Using percentile charts for analyzing numeric data distributions
Keshif features a unique percentile chart type as a rich exploratory refinement of box-and-whisker plots.
- Percentile charts can effectively visualize numeric data trends across multiple data groups using a compact design.
- A percentile chart reveals the median (50th percentile) and other percentile characteristics of a numeric data attribute. The median is the true midpoint of a dataset – half of the records will have a larger value than the median, and half of the records will have a smaller value.
- Each percentile range, colored from dark to light across the median line, includes roughly 10% (1-in-10) of the data. Specifically, each colored box reveals a range such as 20 to 30 percentile, or 80 to 90 percentile. The visualization quickly reveals the skewness of the data, that is, whether large or small values are more common.
- Unlike histograms, this chart type is not suitable to show measurements, such as count and other metrics, across regular bins.

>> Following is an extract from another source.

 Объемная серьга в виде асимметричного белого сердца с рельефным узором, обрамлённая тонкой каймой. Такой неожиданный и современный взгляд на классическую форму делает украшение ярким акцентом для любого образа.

Viewing or hiding percentile chart
- Learn how to view or hide the percentile chart.
Using a percentile chart for group comparison
To compare trends across groups, simply select the data groups for comparison. Learn more.
In the sample chart below, percentile charts show that apartments have higher median prices than private rooms, which have higher prices than shared rooms. The bottom row shows the distribution of the entire dataset across the different compared groups.

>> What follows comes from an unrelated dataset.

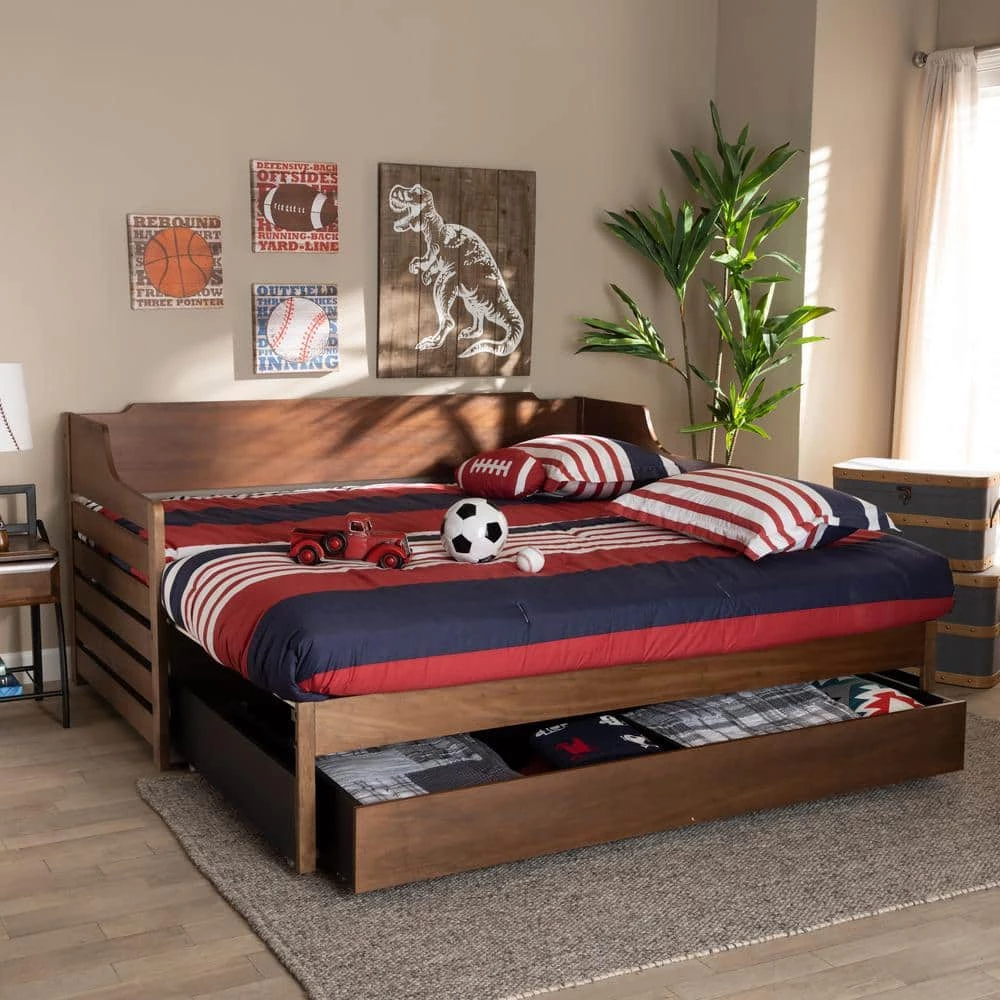 Create an in-home retreat to lounge in with the Jaqueline daybed. Made in Malaysia, the Jaqueline can be swiftly converted from a twin size bed to a king size bed. A large underside drawer provides ample space to store toys and extra blankets. The slatted design on the frame highlights the stunning wood craftsmanship and allows light to flow through for an open, airy feel. Assembly is required and a box spring isn’t necessary, as the daybed comes with internal slats for mattress support. Providing the ideal spot to unwind, the versatile design of the Jaqueline daybed is a fantastic fit for a bedroom or guest room.

In contrast, the histogram in the center of the chart describes the number of each group in the binned categories. While informative, it's difficult to look at the histogram and definitively say which group has the most expensive median price, and by how much it's different compared to other groups of data.
The percentile plot is not linked to analytics settings, such as measurement mode or breakdown mode. For example, if average rating is the selected measurement for bins in the histogram, the distribution of the percentiles stays based on the simple distribution (e.g., count) of the numeric attribute.
The percentiles share the same value axis with the histogram above it, including binning scale type.